### Problem description
The records below are to be copied word for word, with every picture left out.

Collection entries

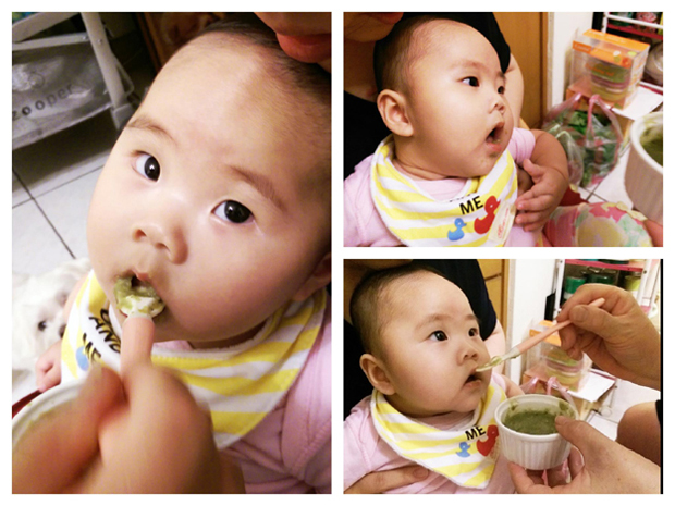 因為醫生說太晚給寶寶吃副食品,到時候可能小朋友已經很有個性了,會開始挑食或是只想吃自己喜歡的東西,可能會小排斥或不太好餵,所以我們就開始讓小恰咪接觸副食品囉!還好現在吃得狀況還滿好的。當然一開始不能直接給小朋友吃太大塊的東西啦!一來不好消化,一方面吞嚥上也有困難,所以我們會先把食物磨成細細的泥狀之後,再進行餵食囉!
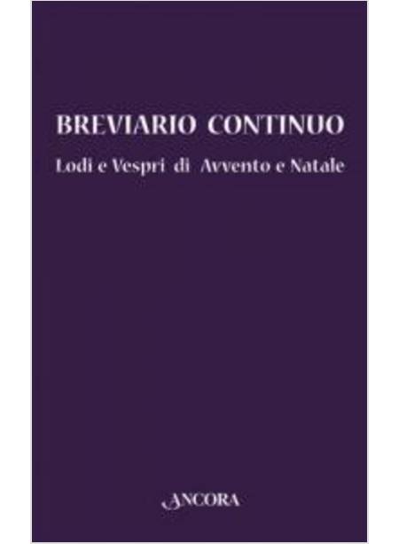 Questo "Breviario continuo" viene incontro all'esigenza dei fedeli e dei pastori di disporre di un libro per l'uso liturgico che sia facilissimo da utilizzare. Il testo della preghiera è stato disposto per intero in maniera continua, senza abbreviazioni, senza rimandi e senza presupporre nel lettore competenze specifiche e conoscenze previe. Il volume raccoglie le preghiere "principali" del mattino e della sera della Liturgia delle Ore secondo il calendario romano di Avvento e Natale.
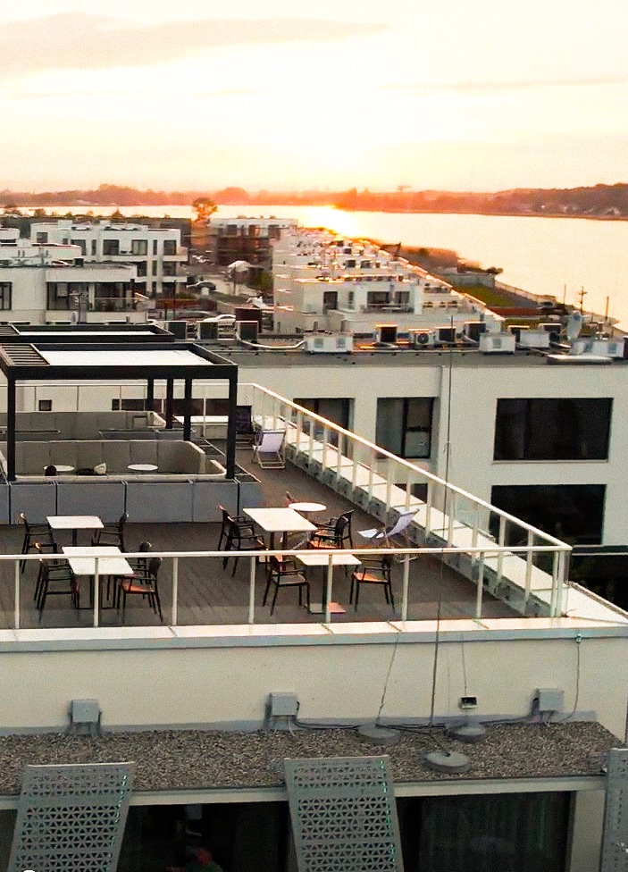 Sunset Bar is a unique place located on the roof of the Grano Hotel Solmarina, with a magnificent view of the marina. It is the perfect space for an evening cocktail or a summer event with live music. In the atmosphere of the setting sun, every moment here takes on a unique character.
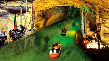 響水河是黃龍洞內(nèi)三條地下陰河中的一條,位于第二層。它全長(zhǎng)2800米,平均水深平6米,最深處有12米,目前乘船游覽其中的一段為800米,時(shí)間約8分鐘左右。響水河平均水溫常年在攝氏16度左右,盛產(chǎn)國(guó)家二級(jí)保護(hù)動(dòng)物娃娃魚(yú)和通體透明的“玻璃魚(yú)”。蕩舟響水河,沿途充滿(mǎn)神秘誘惑的風(fēng)景,如龍王金盔、海螺吹天等景點(diǎn)都值得您慢慢欣賞和品味。空谷幽邃,岸危穹高。忽仰忽傾,若明若暗,恍若回到混沌的遠(yuǎn)古時(shí)代。1992年聯(lián)合國(guó)世界自然遺產(chǎn)專(zhuān)家盧卡思考察響水河時(shí),稱(chēng)贊道:“黃龍洞是我見(jiàn)到的最漂亮的溶洞,還有這么美的陰河,真是不可思議!”
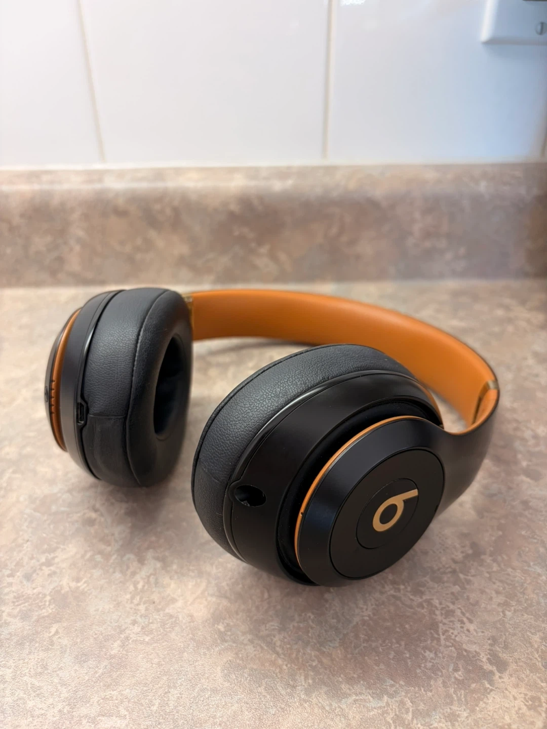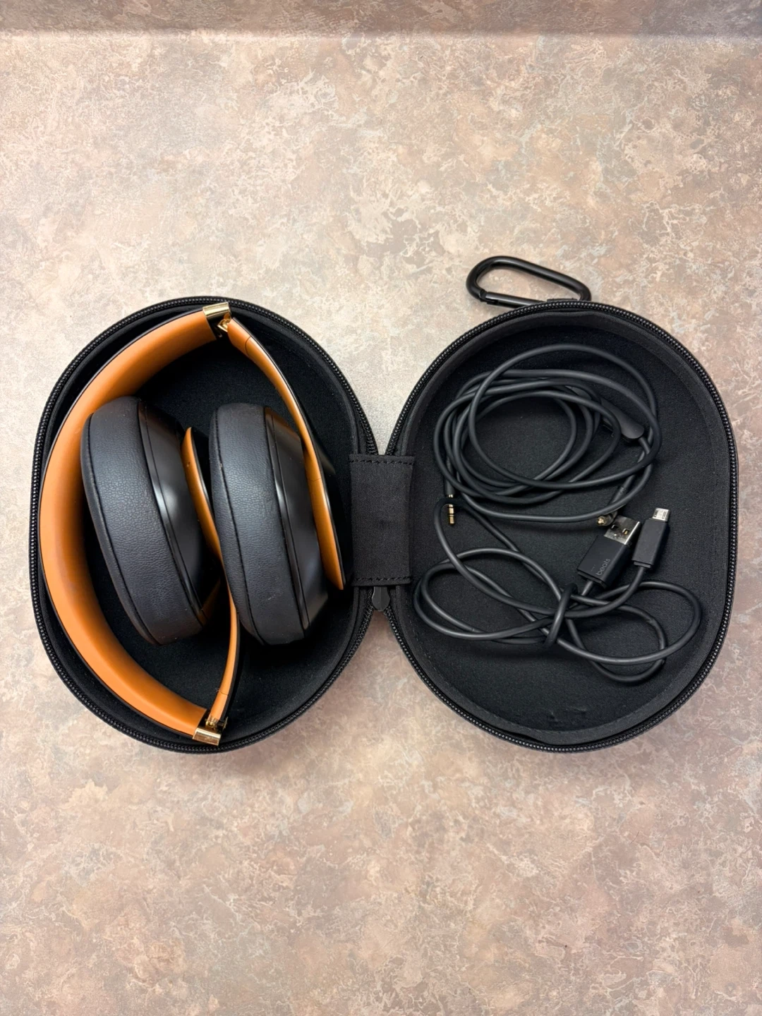 USED ONCE!! Beats Studio3 Wireless over-ear headphones in black with brown accents. Includes charging cable and carrying case.

### Exercise solution
 因為醫生說太晚給寶寶吃副食品,到時候可能小朋友已經很有個性了,會開始挑食或是只想吃自己喜歡的東西,可能會小排斥或不太好餵,所以我們就開始讓小恰咪接觸副食品囉!還好現在吃得狀況還滿好的。當然一開始不能直接給小朋友吃太大塊的東西啦!一來不好消化,一方面吞嚥上也有困難,所以我們會先把食物磨成細細的泥狀之後,再進行餵食囉!
 Questo "Breviario continuo" viene incontro all'esigenza dei fedeli e dei pastori di disporre di un libro per l'uso liturgico che sia facilissimo da utilizzare. Il testo della preghiera è stato disposto per intero in maniera continua, senza abbreviazioni, senza rimandi e senza presupporre nel lettore competenze specifiche e conoscenze previe. Il volume raccoglie le preghiere "principali" del mattino e della sera della Liturgia delle Ore secondo il calendario romano di Avvento e Natale.
 Sunset Bar is a unique place located on the roof of the Grano Hotel Solmarina, with a magnificent view of the marina. It is the perfect space for an evening cocktail or a summer event with live music. In the atmosphere of the setting sun, every moment here takes on a unique character.
 響水河是黃龍洞內(nèi)三條地下陰河中的一條,位于第二層。它全長(zhǎng)2800米,平均水深平6米,最深處有12米,目前乘船游覽其中的一段為800米,時(shí)間約8分鐘左右。響水河平均水溫常年在攝氏16度左右,盛產(chǎn)國(guó)家二級(jí)保護(hù)動(dòng)物娃娃魚(yú)和通體透明的“玻璃魚(yú)”。蕩舟響水河,沿途充滿(mǎn)神秘誘惑的風(fēng)景,如龍王金盔、海螺吹天等景點(diǎn)都值得您慢慢欣賞和品味。空谷幽邃,岸危穹高。忽仰忽傾,若明若暗,恍若回到混沌的遠(yuǎn)古時(shí)代。1992年聯(lián)合國(guó)世界自然遺產(chǎn)專(zhuān)家盧卡思考察響水河時(shí),稱(chēng)贊道:“黃龍洞是我見(jiàn)到的最漂亮的溶洞,還有這么美的陰河,真是不可思議!”
 USED ONCE!! Beats Studio3 Wireless over-ear headphones in black with brown accents. Includes charging cable and carrying case.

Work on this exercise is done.